Cryptosporidium was also most likely underestimated [11] in the current study: it was detected in fecal samples from 33 dogs (3%) and from 8 cats (1.3%). In the Niagara region of ON, Shukla et al. [16] reported the prevalence of Cryptosporidium spp. by antigen detection in 7.4% and 7.3% in dogs and cats, respectively. Based on a sucrose gradient isolation and immunofluorescent assay, Hoopes et al. [11] reported oocysts in 2.3% and 7% of client-owned and free-roaming cats. Most infections in dogs and cats are caused by host-specific C. canis and C. felis, respectively and they have been responsible for only a small number of human cases, usually in immunocompromised people. Pet ownership has not been found to be a significant zoonotic risk for people to develop cryptosporidiosis [86].

Sarcocystis was found in 49 dog fecal samples (4.5%) and in only one cat (0.2%). In a recent study the prevalence of Sarcocystis spp was 0.3% in dogs from Calgary [8]. However, it is a common finding in dogs from northern and rural communities and is often found in co-infections with Taenia and Echinococcus spp. [4] (J. Schurer, E. Jenkins unpublished observations). Clinical disease in dogs and cats associated with Sarcocystis appears to be rare and Sarcocystis spp. in dogs and cats are generally considered not transmissible to humans [87,88].

This study provides current information on the prevalence of canine and feline intestinal parasites in provincial shelters across Canada, and some guidance regarding regionally-appropriate parasiticide treatments and the risk of human infections with zoonotic species and genotypes. The application of these data, however, requires considerable caution. First, the data are based on a single sample examined with a globally-used technique of essentially variable sensitivities over a range of parasites [72,89-91]. Second, shelter animals were the subject of our study, and because of the low likelihood of parasiticide treatment relative to client-owned animals, they do represent the potential for pet exposure to parasites. Third, while the parasites occurred in dogs and cats across the Canadian provinces, transmission is regionally variable and depends on a particular sequence of events that leads to infection. This is among the reasons why the local knowledge of veterinarians and physicians about parasite occurrence and risk factors for infection is so important.

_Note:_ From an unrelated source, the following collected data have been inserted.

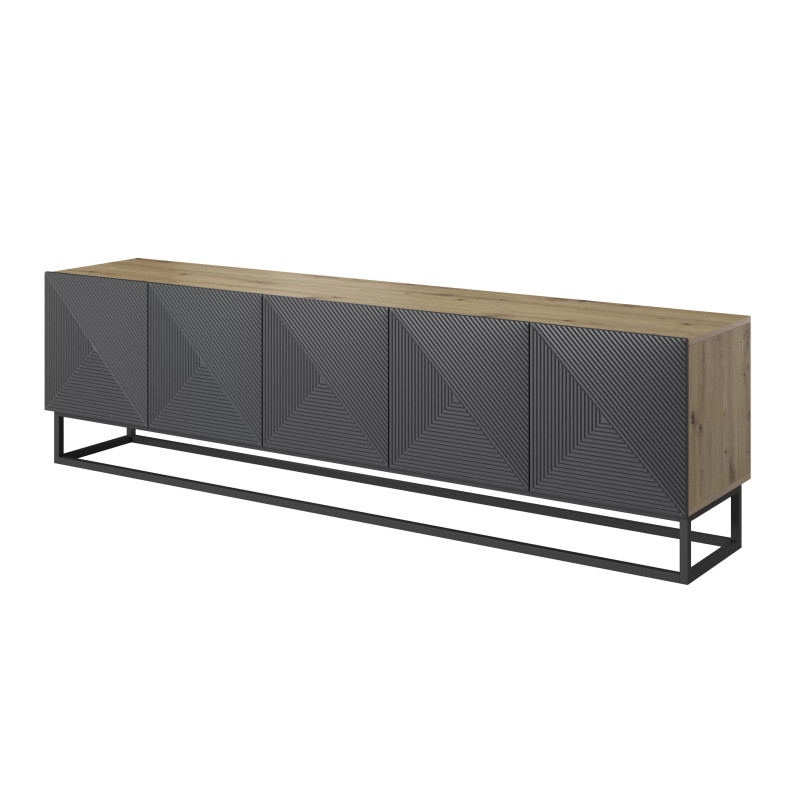 Szafka RTV Asha to mebel, który doskonale łączy nowoczesny design z funkcjonalnością, stając się idealnym wyborem do pokoju dziennego, jadalni czy sypialni. Wykonana z wysokiej jakości płyty laminowanej, z frontami z frezowanej płyty MDF, jest odporna na uszkodzenia i codzienne użytkowanie. Geometryczny wzór na froncie oraz elegancki, bezuchwytowy system otwierania to charakterystyczne cechy tej kolekcji, które nadają meblowi niepowtarzalny charakter. Całość osadzona jest na stalowym stelażu o wysokości 16 cm, co dodaje lekkości i nowoczesności.
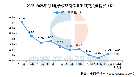 1—2月,规模以上电子信息制造业累计实现出口交货值同比增长1.2%,较2025年全年提高1.2个百分点。
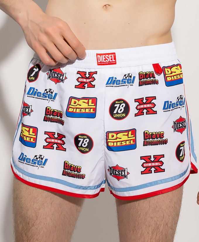 Pánské koupací kraťasy - 00S0L6-0NDAC-100 - bílá/potisk - Diesel
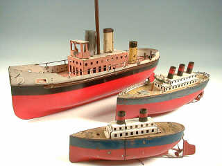 DIVERS Petit paquebot en tôle peinte rouge & bleu
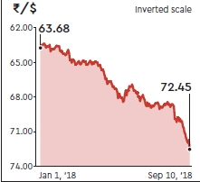 The rupee on Monday crashed to new lows, hitting 72.67 against the dollar in intra-day trade before staging a mild recovery to close at 72.44. The currency has lost nearly 12% since January. The premium on three-month forward contracts jumped 9 basis points on Monday to around 4.52% over Friday’s close. A month ago, on August 10, the premium on the forward contract was at 4.32%.
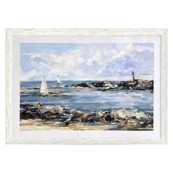 A jack-of-all-trades, including graphic designer, carpenter, contractor, author and beloved reality TV host, Ty Pennington has created a new and exclusive collection for At Home. This framed beach print is an easy way to add a pop of charm to any room. Bring new life to your patio, kitchen or den with this interesting 43x31in. sailboat and lighthouse hanging print. Featuring a blue, white and sand colorway in a whitewash frame, this picture will bring years of enjoyment and enhance any beach house setting.
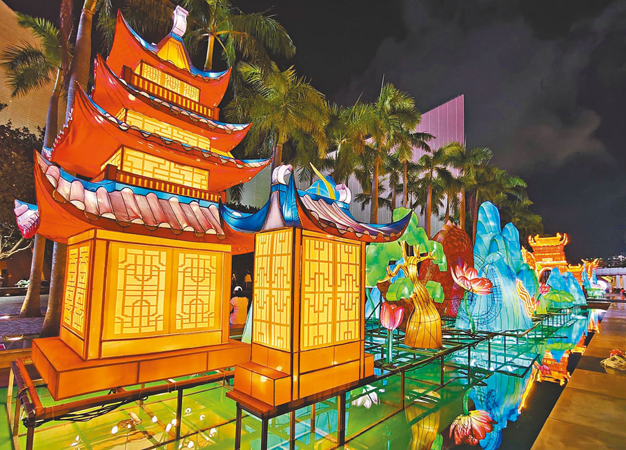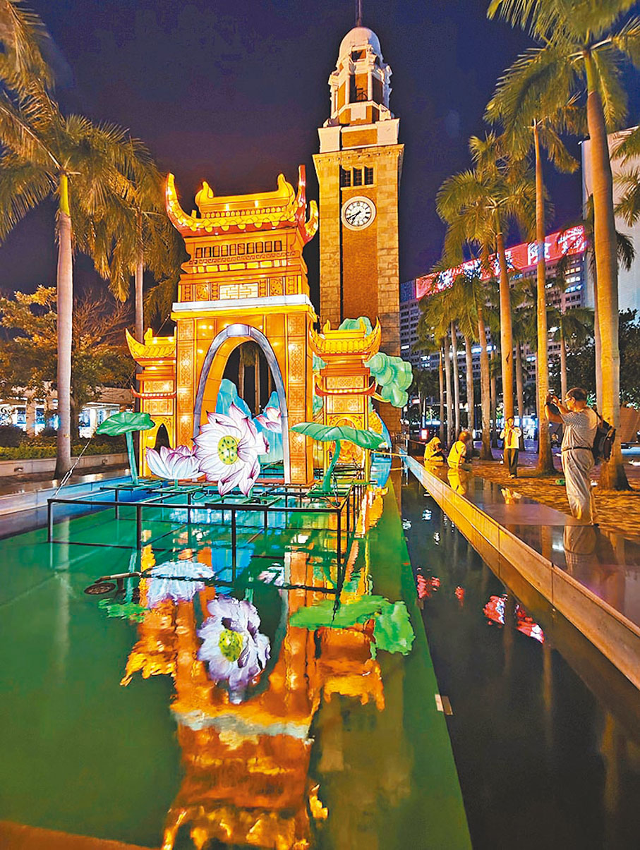 每逢中秋節,康文署都會在多區舉辦中秋綵燈會,展出主題節慶綵燈和光影裝置外,更設有傳統工藝及表演等,是港人的中秋盛事。今年適逢中華人民共和國成立75周年,有些燈會特地延長時間至10月6日,如在香港文化中心露天廣場的水池展出的綵燈《月上龍宮》,由本地多媒體藝術家蘇暐朝設計,結合四川傳統花燈紮作工藝打造,以龍為主體設計概念,展示中國人熱愛中秋傳統,並擁有遠大理想和抱負,追逐天上的明月,實現載人登月的願景。●採、攝︰雨文

The parasite prevalence levels reported in this study reinforce the need to monitor pets across Canada, for intestinal parasites and to treat infected animals promptly and correctly with effective parasiticides. Animals adopted from shelters with untreated, or ineffectively treated, parasite infections pose ongoing risks for animal and human health. This reinforces the importance of strategies for prevention, which depend in part on shelter management and owner awareness of the sources and management options for parasites in their pets. This awareness can be greatly enhanced by veterinarians and their staff.

Veterinarians are an important source of information for pet owners and play a critical role in the initiation of education programs emphasizing the importance of preventive measures in reducing the risks of environmental contamination and zoonotic transmission [92]. In addition, periodic fecal monitoring of pets allows determination of the efficacy of the products being used, compliance with the recommended administration schedules and re-assessment of the therapeutic approach based on current patient health status.

The animal surveillance data from this study will help in the development of strategies, based on risk per geographic location for the prevention and response to endoparasites in pets and free-roaming and shelter animals in Canada.

Consent to publish

Consent to publish results of the fecal analysis conducted in this study was obtained from the participating shelters organizations.